◆ DESCRIPTION OF THE TASK ◆
In the entries below, find the line with "Абстрактное изображение пианино" and the line with "In den meisten". Reproduce those two lines and every line between them exactly, and nothing more.

◆ DATA PROVIDED ◆
== == ==
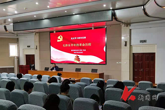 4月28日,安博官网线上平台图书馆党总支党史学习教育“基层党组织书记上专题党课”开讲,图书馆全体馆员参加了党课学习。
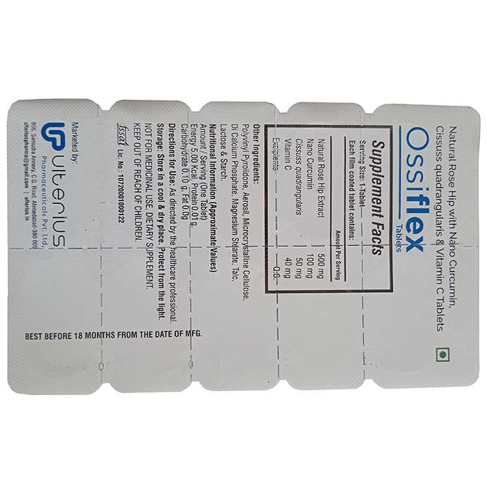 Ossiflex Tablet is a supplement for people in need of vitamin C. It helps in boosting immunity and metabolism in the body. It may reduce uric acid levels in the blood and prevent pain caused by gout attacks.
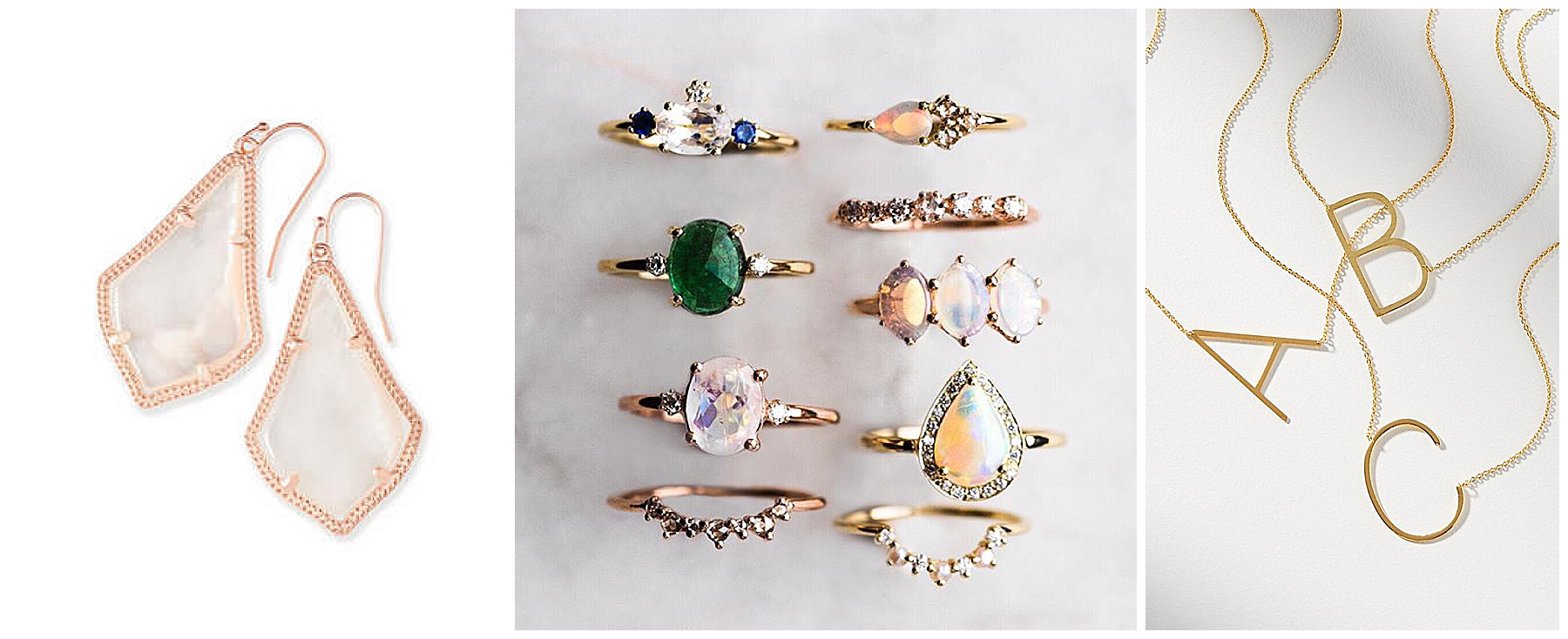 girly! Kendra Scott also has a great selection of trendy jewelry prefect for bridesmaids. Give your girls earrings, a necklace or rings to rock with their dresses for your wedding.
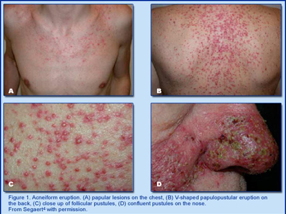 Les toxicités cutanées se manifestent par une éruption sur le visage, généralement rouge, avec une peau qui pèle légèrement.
== == ==
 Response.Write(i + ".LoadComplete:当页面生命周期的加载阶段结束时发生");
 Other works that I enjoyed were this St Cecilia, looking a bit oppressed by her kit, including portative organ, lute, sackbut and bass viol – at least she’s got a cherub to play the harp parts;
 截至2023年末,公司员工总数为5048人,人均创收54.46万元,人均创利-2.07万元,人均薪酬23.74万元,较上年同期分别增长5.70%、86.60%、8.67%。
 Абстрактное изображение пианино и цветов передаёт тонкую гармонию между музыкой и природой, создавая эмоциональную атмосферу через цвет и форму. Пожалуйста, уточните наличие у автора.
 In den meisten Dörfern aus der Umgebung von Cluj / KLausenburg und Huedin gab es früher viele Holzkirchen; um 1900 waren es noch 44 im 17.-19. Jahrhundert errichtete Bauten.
== == ==
◆ THE ANSWER ◆
 Абстрактное изображение пианино и цветов передаёт тонкую гармонию между музыкой и природой, создавая эмоциональную атмосферу через цвет и форму. Пожалуйста, уточните наличие у автора.
 In den meisten Dörfern aus der Umgebung von Cluj / KLausenburg und Huedin gab es früher viele Holzkirchen; um 1900 waren es noch 44 im 17.-19. Jahrhundert errichtete Bauten.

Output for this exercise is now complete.